The Great War C.M.G. group of five awarded to Lieutenant-Colonel The Earl Cairns, The Rifle Brigade and 5th London Regiment, commanding the London Rifle Brigade in France 1914

The Order of St. Michael and St. George, C.M.G., neck badge, silver-gilt and enamels; Queen’s South Africa 1899-1902, 3 clasps, Cape Colony, Orange Free State, South Africa 1902 (Major Hon. W. D. Cairns, Rifle Brigade); 1914 Star, with copy clasp (Lt. Col. Earl Cairns, 5/Lond. R.); British War and Victory Medals, with M.I.D. oak leaf (Lt. Col. Earl Cairns) together with a small resin disc inlaid with silver crest of the London Rifle Brigade, good very fine (6) £600-800

The Honourable Wilfred Dallas Cairns was born on 28 November 1865, the fourth son of the 1st Earl Cairns, Lord Chancellor of England. He was educated at Wellington College and R.M.C. Sandhurst, being gazetted Lieutenant in the Rifle Brigade on 13 May 1885. He was promoted to Captain in May 1894, and retired on 10 April 1895, being gazetted the same day as Captain in the 5th (Militia) Battalion, in which he was promoted Major on 9 February 1898. He served with the Battalion in South Africa and resigned with the honorary rank of Lieutenant-Colonel on 24 May 1905. In that year he succeeded his elder brother as 4th Earl Cairns, Viscount Garmoyle and Baron Cairns of Garmoyle in the County of Antrim, all in the Peerage of the United Kingdom.
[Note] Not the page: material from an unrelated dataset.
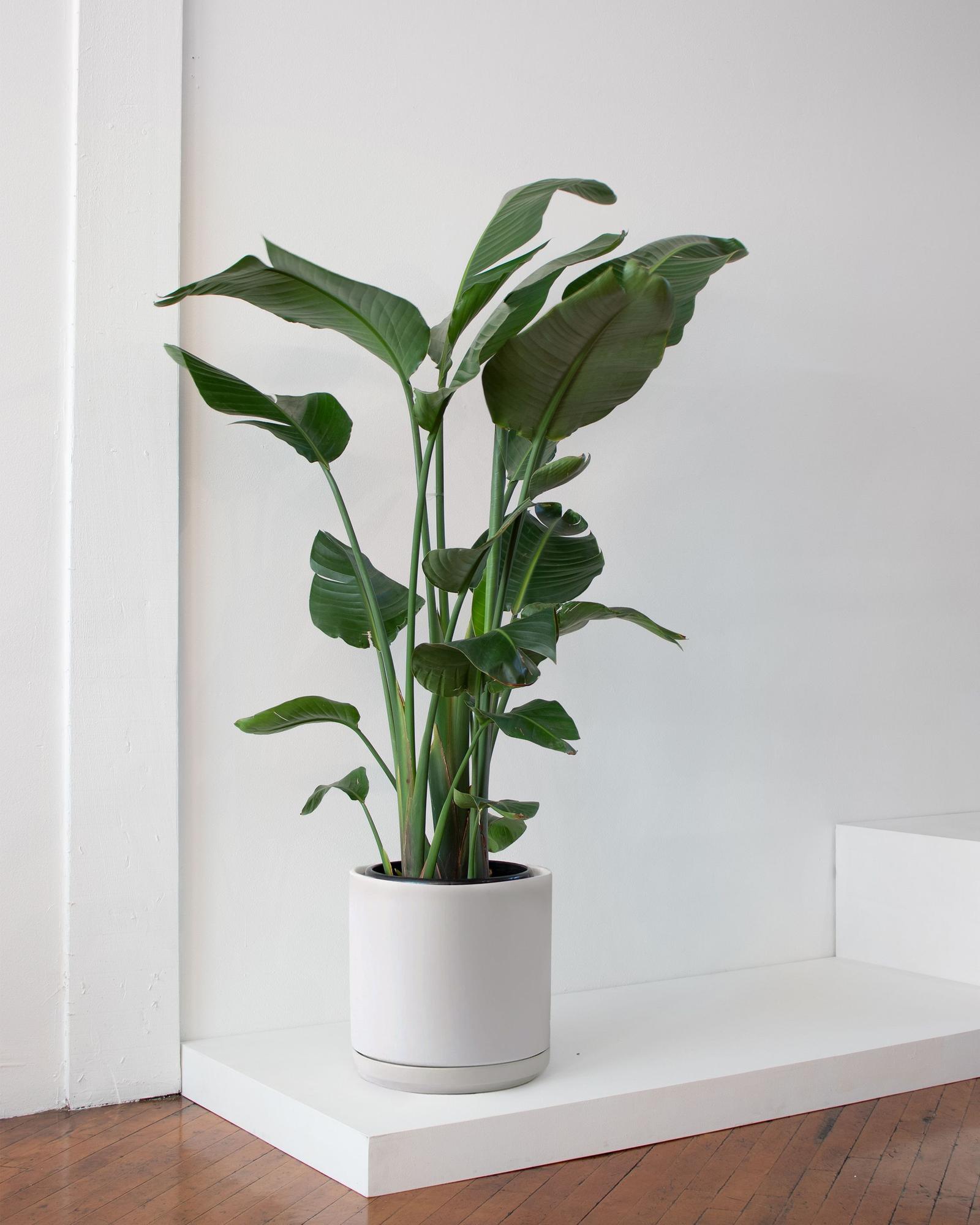 With long elegant leaves rising up from the bottom, the Bird of Paradise is a popular indoor plant for creating that instant jungle atmosphere. Imperfect like nature herself, this plant exhibits large foliage with natural splits and curls.

On 9 December 1912, Earl Cairns was appointed Lieutenant-Colonel Commandant of the London Rifle Brigade, the 1st Battalion of which he took to France. Embarked on board the S.S.
Chyebassa on the 4th November 1914, the regiment arrived in France the following day. Until the 1960’s veterans of the London Rifle Brigade held a Chyebassa dinner, latterly a luncheon, on the anniversary of the crossing. Later that month the regiment was fighting in the trenches, one of the few territorial regiments to gain the clasp to the 1914 Star. The famous fraternisation between the British and German troops on Christmas Day 1914 took place in the London Rifle Brigade sector. Earl Cairns, now in his fiftieth year, was invalided home in March 1915 and resigned his commission on 23 April 1916, on account of ill health. The arthritis from which he suffered was to afflict him for the rest of his life. For his services in the Great War he was mentioned in despatches and created a Comapnion of St Michael and St George. Earl Cairns became a Deputy Lieutenant for Somerset in 1924, and died at his home, Farleigh House, near Bath, on 24 October 1946.